DATASET EXCERPT: Begin

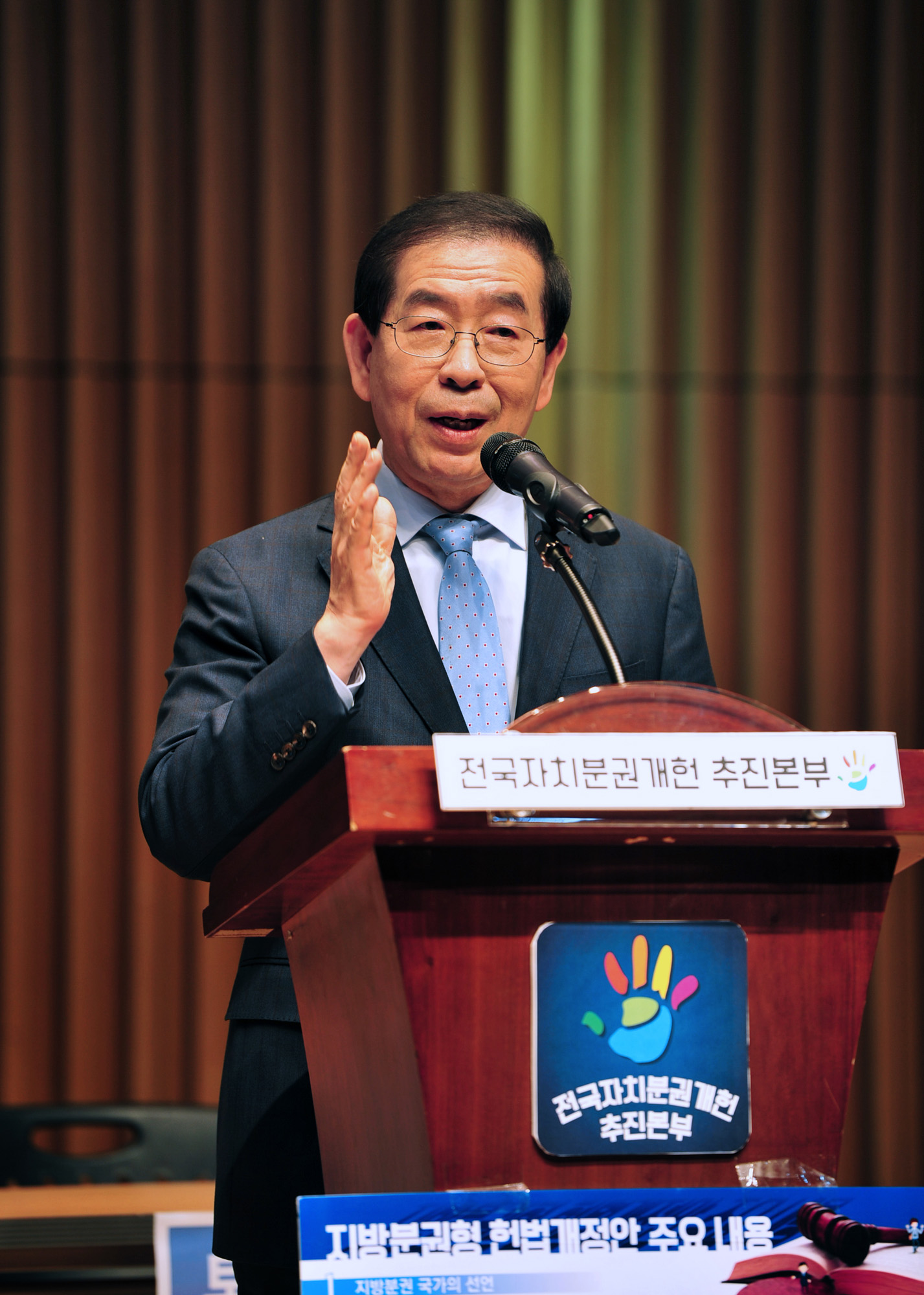박원순 서울시장이 전국자치분권개헌추진본부 주최로 17일 오후 1시 서울시청 다목적홀(8층)에서 열리는 '자치분권개헌 국민대토론회'에 참석하고 있다. 서울시 제공
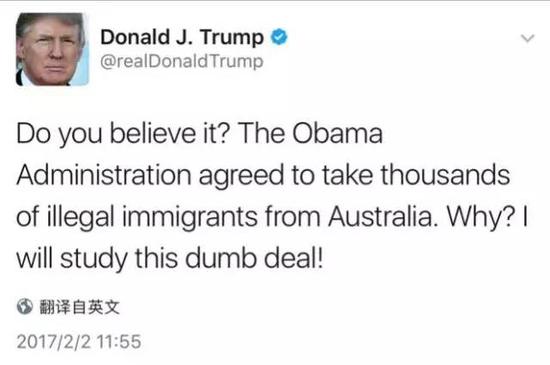 “你们能相信么?!奥巴马政府居然同意把澳大利亚成千上万的非法移民接到美国来!这是为什么?让我好好研究研究这个傻X协议!”
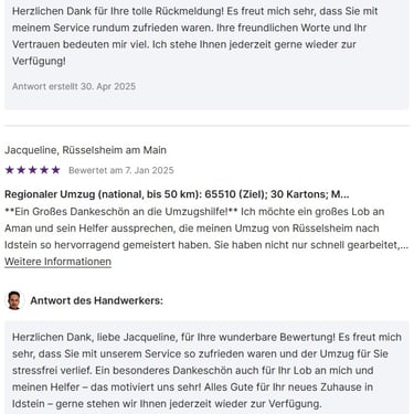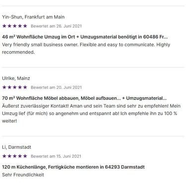 Ganz gleich, ob Sie innerhalb der Stadt umziehen oder Ihre Wohnung für den nächsten Lebensabschnitt vorbereiten, wir sind für Sie da, um den Prozess reibungslos, zuverlässig und sorgenfrei zu gestalten.

DATASET EXCERPT: End

Give back the material exactly as written, images excluded.

**YOUR SOLUTION**
박원순 서울시장이 전국자치분권개헌추진본부 주최로 17일 오후 1시 서울시청 다목적홀(8층)에서 열리는 '자치분권개헌 국민대토론회'에 참석하고 있다. 서울시 제공
 “你们能相信么?!奥巴马政府居然同意把澳大利亚成千上万的非法移民接到美国来!这是为什么?让我好好研究研究这个傻X协议!”
 Ganz gleich, ob Sie innerhalb der Stadt umziehen oder Ihre Wohnung für den nächsten Lebensabschnitt vorbereiten, wir sind für Sie da, um den Prozess reibungslos, zuverlässig und sorgenfrei zu gestalten.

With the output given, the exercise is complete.